Потом я помню, что меня начало мутить и я стал протискиваться к выходу, на воздух. Я видел дверь, приглашающе подпертую кирпичом, чувствовал на лице холодную струю сквозняка. Потом… не знаю, наверно я отключился, потому что в следующий момент я уже стоял, прислонившись к стене, и мне что-то говорила какая-то незнакомая девушка.
Постепенно до меня дошло, что, должно быть, я оказался с ней рядом уже некоторое время назад. Похлопав глазами, я предпринял отважную попытку поймать ее в фокус. Очень симпатичная: добродушное курносое лицо, темные волосы, веснушки, голубые глаза. Я уже видел ее, в очереди у стойки или где-то еще, и не обратил особого внимания. И вот она стоит передо мной, как видение, пьет красное вино из пластикового стаканчика и называет меня по имени.
Я не мог разобрать, что она говорит, но тембр ее голоса – хрипловатый, жизнерадостный, необъяснимо приятный – различал даже сквозь шум. Я наклонился – она была невысокой, метр пятьдесят с небольшим, – и приставил к уху ладонь:
– Чего?
Рассмеявшись, она привстала на цыпочки и приблизила лицо вплотную. Запах духов. Жаркие волны шепота, бьющие в щеку.
Я ухватил ее за запястье.
– Здесь слишком шумно, – проговорил я ей на ухо, задев губами прядь волос. – Давай переместимся.
Она снова засмеялась:
– Но мы же только вошли. Ты сказал, что замерз.
«Хмм…» – это меня озадачило. Ее бледные глаза выдавали скуку и, казалось, разглядывали меня с какой-то интимной насмешкой.
– Я хотел сказать, куда-нибудь, где потише.
Она перевернула стаканчик и посмотрела на меня сквозь прозрачное донышко:
– К тебе или ко мне?
– К тебе, – не раздумывая ни секунды, ответил я.
С ней было хорошо. Смешки в темноте, разметавшиеся по моему лицу волосы и забавные короткие придыхания, совсем как у тех случайных девушек в старших классах. Мои ладони уже почти забыли, что такое тепло чужого тела. Когда, спрашивается, я в последний раз вот так целовался? Сто лет назад.

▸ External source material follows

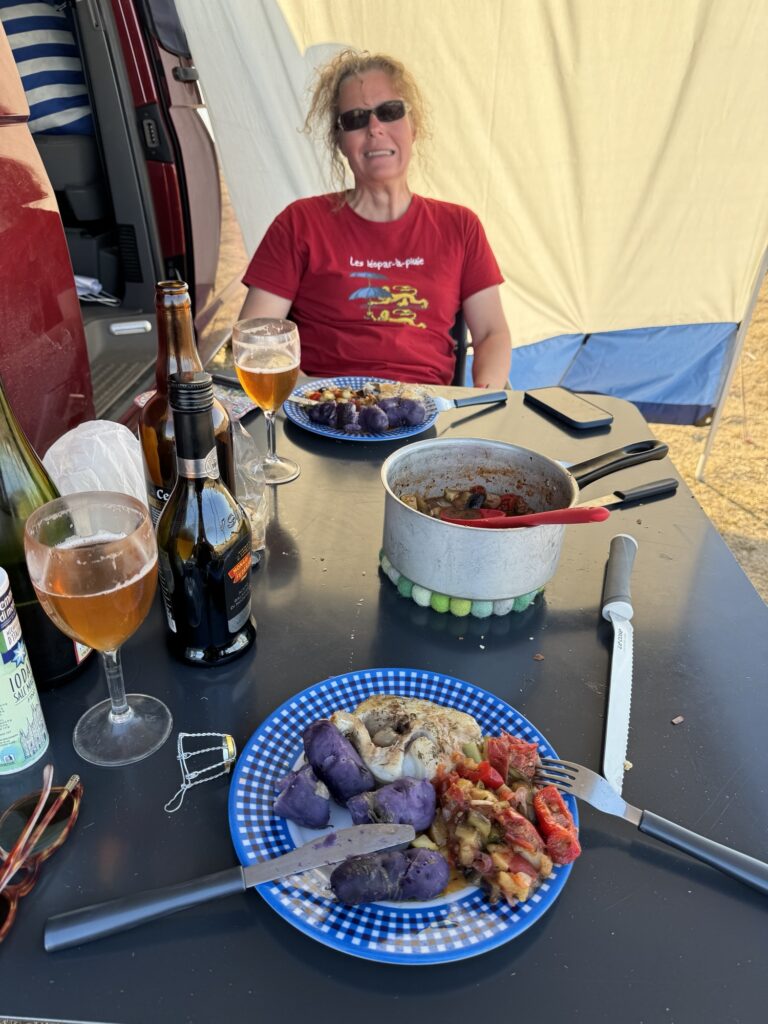 Aber wie das in Gallien so is(s)t, endet auch dieser Abend auf einem Campingplatz in der Nähe des Puy de Dome mit einem Festmahl, Gerhilds Geburtstagsessen

Странно думать, как просто все бывает. Вечеринка, несколько коктейлей, прелестная незнакомка. Именно так и жило большинство моих однокашников. Потом, за завтраком, они рассказывали друг другу о своих любовных приключениях с таким смущенным видом, будто эта милая, безобидная слабость, занимавшая в каталоге грехов графу где-то посредине между пьянством и обжорством, на самом деле была верхом разврата.
Постеры, засохшие цветы в пивной кружке, зеленоватая подсветка магнитофона. Все это очень напоминало мою провинциальную юность, но казалось невероятно далеким и невинным, как нечаянно всплывший эпизод выпускного бала. Ее блеск для губ на вкус был как жевательная резинка. Я зарылся лицом в нежную, горьковато пахнущую шею и принялся раскачивать податливое тело – что-то шепча, бормоча, чувствуя, как проваливаюсь все глубже и глубже во мрак полузабытой жизни.

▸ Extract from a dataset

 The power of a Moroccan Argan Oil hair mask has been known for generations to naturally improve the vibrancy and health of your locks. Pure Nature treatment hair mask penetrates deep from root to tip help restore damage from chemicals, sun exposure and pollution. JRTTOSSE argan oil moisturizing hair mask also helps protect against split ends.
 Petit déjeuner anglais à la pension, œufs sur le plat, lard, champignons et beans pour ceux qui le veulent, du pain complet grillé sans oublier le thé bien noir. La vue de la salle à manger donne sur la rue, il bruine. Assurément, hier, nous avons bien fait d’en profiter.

Я проснулся в абсолютной панике. Перед глазами дьявольским красным светом мигали электронные часы – 02:30. Мне приснился сон, в общем-то совсем не страшный: мы с Чарльзом ехали в поезде и второпях пробирались от тамбура к тамбуру, пытаясь от кого-то скрыться; вагоны были набиты народом с вечеринки – Джуди, Джек, Джад в картонной короне. Однако весь сон напролет меня не покидало ощущение, что все это не важно, что у меня есть какая-то более насущная проблема, вот только никак не удается вспомнить, в чем она заключается. Потом я вспомнил и сразу проснулся.
Ощущение было такое, как будто, очнувшись от кошмара, я попал в еще худший кошмар. Лихорадочно хлопая по стене в поисках выключателя, я вдруг с ужасом понял: это не моя комната. Непонятные очертания, незнакомые тени угрожающе обступили меня со всех сторон; я никак не мог взять в толк, где нахожусь, и несколько мгновений был во власти дикой мысли, уж не умер ли я? Вдруг под боком я почувствовал чье-то тело и инстинктивно отпрянул. Потом тихонько толкнул его локтем – никакой реакции. Минуту-другую я лежал, стараясь собраться с духом, затем встал, нашарил в потемках свои вещи и, кое-как одевшись, ушел.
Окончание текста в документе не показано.